In order to normalize the amount of EPO required depending on the severity of anemia, we calculated an ERI, defined as the weekly EPO dose divided by Hb level (g/dl). Both the EPO dose and ERI were divided by end-dialysis body weight to indicate the required EPO dose per kilogram of body weight. A ratio of 1 : 200 was used to convert darbepoetin alpha to the EPO equivalent dose (1 μg of darbepoetin alpha=200 IU of epoetin alpha or beta).36

Dialysis therapy

MHD patients were divided in two subgroups, based on dialysis technique: 44 out of 103 patients underwent to HD and 59 patients were on HDF therapy. HD patients were treated with 1.5–2.0 m2 surface area polysulphone or polyamide hollow-fiber hemodialysers, whereas 1.4–2.1 m2 polysulphone or polyamide hollow-fiber dialyser membranes were used in the HDF group. All patients underwent 4 h three times/week dialysis protocol, with a well-functioning native artero–venous fistula or a cuffed internal jugular indwelling venous catheter, as vascular access. All uremic patients were characterized according to sex, age and dialytic vintage; hemodialysis adequacy was assessed with spKt/Vurea and total weekly Kt/Vurea using the Daugirdas second-generation formula.37

e-GST activity

e-GST activity was determined with a spectrophotometric assay at 340 nm (37 °C), using a Modular P800 (Roche, Basel, Switzerland) automated apparatus recently described.24 Briefly, one volume (40 μl) of whole blood was diluted in 25 volumes (1 ml) of bi-distilled water and after 5 min introduced into the Modular P800, final volume containing 1 mM glutathione (GSH), 1 mM 1-chloro-2,4-dinitrobenzene (CDNB) in 0.1 M potassium phosphate buffer, pH 6.5. Results were expressed as enzyme units (U) per gram of Hb (U/gHb): one unit represents the amount of enzyme that catalyzes the conjugation of 1 μM of GSH to CDNB in 1 min at 37 °C. The Hb level was determined with an automated hematology analyzer XE-2100 (Dasit, Milano, Italy). To calculate Kt/Vurea, urea was assayed by nephelometric methods (BN IITM BNHTM nephelometer, Siemens Healthcare Diagnostics, Milano, Italy).

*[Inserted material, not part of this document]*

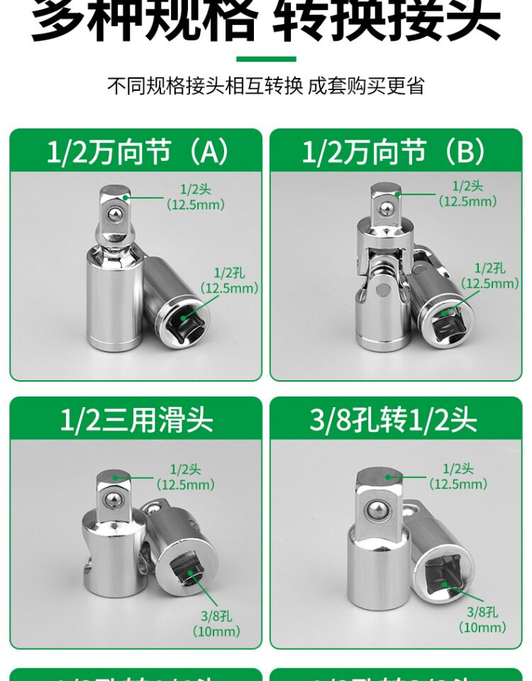 Конвертирующая головка рукава 1/21/43/8 Большие, средние, маленькие, маленькие и маленькие летающие вращающиеся стальные раны с пушкой, чтобы повернуть голову
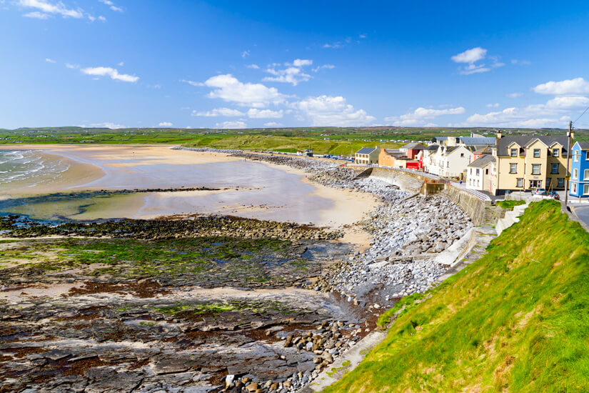 Am östlichen Ende der geschützten Liscannor Bay, eine Autostunde nordwestlich von Limerick, liegt der Lahinch Beach – ein kilometerlanger Sandstrand, schön breit und ein Eldorado für Badefreunde, Surfer, Kajakfahrer, Kitesurfer und Sonnenanbeter. Hier könnt ihr euch im Irland-Urlaub mal so richtig sportlich betätigen. Dieser schöne Strand ist wie für die ganze Familie gemacht: Im angrenzenden Ort Lahinch findet ihr Surfschulen, Geschäfte, darunter solche für Strandbedarf und irische Souvenirs. Darüber hinaus werdet ihr Bars, Restaurants und jede Menge Übernachtungsmöglichkeiten antreffen.

Purification of e-GST and its reaction with DNDGIC

e-GST purification from hemolyzed erythrocytes of healthy and dialyzed patients was performed with a single-step affinity chromatography method using S-hexylglutathione Sepharose 6B.38 Protein concentration was determined using the procedure described by Lowry et al.39 Dinitrosyl–diglutathionyl–iron complex (DNDGIC) was prepared as described previously by reacting S-nitrosoglutathione with ferrous sulphate in the presence of 10 mM GSH.29, 30 Its reaction with purified e-GST, from healthy or dialyzed subjects, was performed in 0.01 M potassium phosphate buffer, pH 7.0 by adding variable amounts of DNDGIC. After 1 min of incubation, the degree of inhibition was evaluated on aliquots with the standard assay procedure for GST activity.

Statistical analysis

All data were expressed as mean±S.E.M. P values reported in the text and in tables have been estimated on the basis of the mean±S.D. Unpaired t test was employed to compare the data between various groups; non parameter variables were analyzed by Mann–Whitney test. A value of P<0.05 was considered statistically significant. To study the linear relationship between e-GST activity and other variables, non parametric correlation (Spearman p) was used. Data were processed using statistical software MedCalc (Mariakerke, Belgium).